Es sieht schlecht aus für Strack-Zimmermann an diesem Abend, und es kommt noch dicker. Schon zur Eröffnung des Abends hatte Lanz einen alten Vergleich hervorgeholt. Die FDP-Silberrückende sei „wie das Sturmgewehr G36: schießt viel, hat aber Präzisionsprobleme bei Überhitzung.“ Jetzt erinnert er sie nochmals an ihre grotesk wirkenden EU-Wahlplakate. Stra-Zi war in dermaßen viele Fettnäpfchen, oder wäre Fettbottiche passender? – gelatscht, dass sogar die eigenen Parteifreunde stöhnten. Wie sie nun versucht, ihre Fehltritte zu verteidigen, ist schon einigermaßen bemerkenswert. Dass etwa „Oma Courage“ mit Mutter Courage verglichen wurde, „fand ich weit hergeholt“. Das sagt sie allen Ernstes! Und erklärt: „Ich bin eine Großmutter, ich bin streitbar.“ Aus Lanz platzt es heraus: „Also bitte!“

Stichwort „Eurofighterin“. Strack-Zimmermann: „Ich fand das super!“ Lanz kann es nicht fassen: „Es spielt mit der Kriegsrhetorik!“ Nein, das sieht sie ganz anders.

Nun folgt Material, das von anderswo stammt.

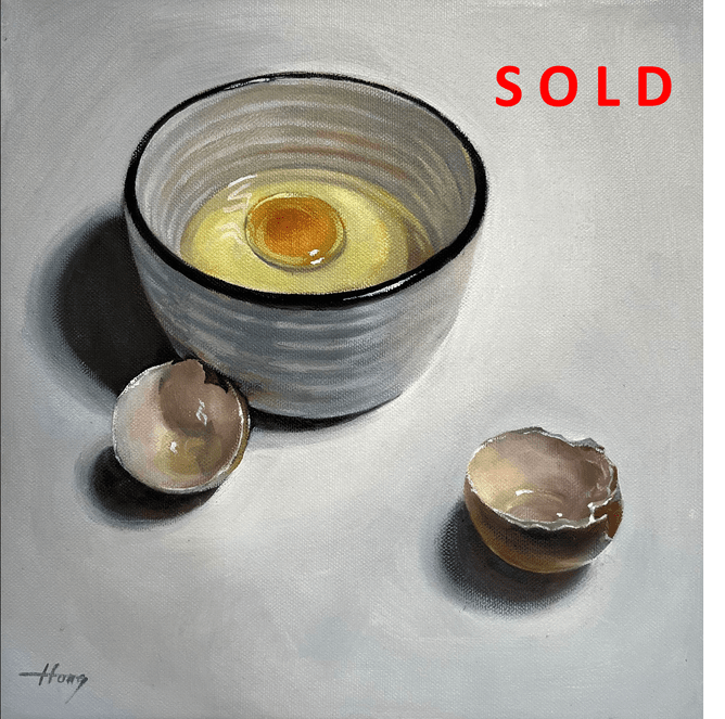 From the exhibition, Still Slices of Life, gallery artists Hong Cumming's outstanding composition Crack-up has been sold to a local collector who found the piece to be egg-citing. Its purchase poached the piece from the gallery. Sorry.

Dritter Punkt: Dass sie dem Kanzler autistische Züge unterstellte, fand Lanz „dann irgendwann drüber, Sie auch?“ Und? Nein, natürlich nicht, beteuert Stra-Zi. „Ich habe extrem viel Zuspruch bekommen.“ In welcher Bubble lebt diese Dame? Und wie groß ist diese Bubble, wenn ihr Mann in der Kneipe hockt?

Dass sie sich nach dem üblen Vergleich ausgerechnet bei allen Autisten entschuldigte, aber nie bei Olaf Scholz, klopft Lanz auch noch einmal durch. „Nein“, sagt sie, „weil ich schon bei klarem Gedanken bin, wenn ich was sage.“ Immerhin, eines ist ihr bewusst: „Ich glaube dass ich ihm tierisch auf den Keks gehe“. Lanz wirft trocken ein: „Das ‚glauben‘ können Sie weglassen.“

Die Politikerin, die monatlich bisweilen hunderte Privatleute wegen vermeintlicher Beleidigungen juristisch verfolgt, zeigt sich den ganzen Abend über gewohnt biestig. „Oma Courage“ macht Lanz zu schaffen. Irgendwann sagt er resigniert: „Sie machen Ihren Eurofighter. Klingt wie Egoshooter.“

Ja, so klingt es. Und der Zuschauer denkt: Wie schön hätte der Abend mit dem guten Jupp Heynckes werden können. Frisur hin oder her.